Living in Berlin in the early 1930s, Lore and her husband became politically involved and felt connected to anti-fascist and communist organising, however they never joined the communist party. Upon the Nazis' rise to power in 1933, the Perls fled Germany for the Netherlands and in 1934 moved on to South Africa, where they stayed for 13 years. During their first months in South Africa, Lore's mother visited the young family and stayed for eight to nine months but returned to Hamburg soon after. Unable to secure visas for them to South Africa, Lore's mother, sister and niece would eventually all fall victim to the Holocaust. Lore's father had already succumbed to a heart attack in March 1933.
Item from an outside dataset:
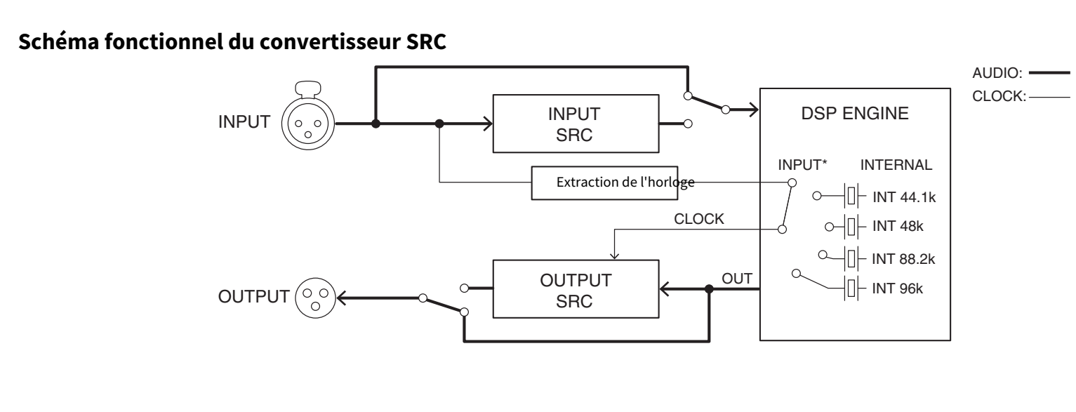 Le convertisseur SRC d'entrée convertit le signal en signal d'horloge système de la série RIVAGE PM. Le convertisseur SRC de sortie convertit le signal en fonction du signal spécifié pour l'horloge interne ou pour l'horloge entrant sur le même canal.

While living in Johannesburg, the Perls established a psychoanalytical institute and wrote their first book Ego, Hunger and Aggression: A Revision of Freud's Theory and Method, published in 1942. While the book credits Fritz as the sole author, several chapters were written (almost) exclusively by Lore. This held true for several further publications. While developing their novel therapeutic approach, the couple debated possible names, eventually opting for "Gestalt Therapy".

The couple moved to New York in 1946/47. Lore had followed 18 months after Fritz's arrival together with their children. When her husband moved to the west coast, Lore continued running the New York Institute for Gestalt Therapy which they had co-founded together and soon counted Paul Goodman amongst her first clients. Having already read Goodman's work while living in South Africa and having been particularly interested in his article Politics and Partisan Reviews, the couple soon began working with him and Ralph Hefferline and co-published Gestalt Therapy: Excitement and Growth in the Human Personality, although Laura remained unacknowledged as a contributor. By 1952, with the help of Paul Goodman, they had established The New York Institute for Gestalt Therapy (Fadiman & Frager, 2002).

Following relational difficulties between the couple, Fritz moved to Big Sur in California for a residency at the Esalen Institute. These difficulties coincided with Lore's increasingly equal professional success as a psychotherapist, and caused tension in the relationship. Lore stayed on in New York and continued to run the original institute for nearly 30 more years, long after Fritz's death. Throughout his life but particularly upon his move to California, Fritz had failed to be there for his children and grandchildren, which caused long-term emotional pain to his family.

Eventually, Lore took on the more American first name Laura.

From 1969 onwards, Laura began visiting Europe every summer, holding workshops in England, the Netherlands, Belgium and later also Germany. During this time she further developed her approach to supervision by shifting the focus from the supervisee's client to the supervisee's inner world. Her husband died in 1970.

Having moved back to her native Pforzheim to be closer to her daughter, Laura Perls died in Pforzheim in 1990 following complications with her thyroid. Having smuggled Fritz' ashes with her from New York, she was buried together with him in the Posner family grave in the Jewish cemetery in Pforzheim.

The English edition of her only solo book, Living at the Boundary, was published posthumously in 1992.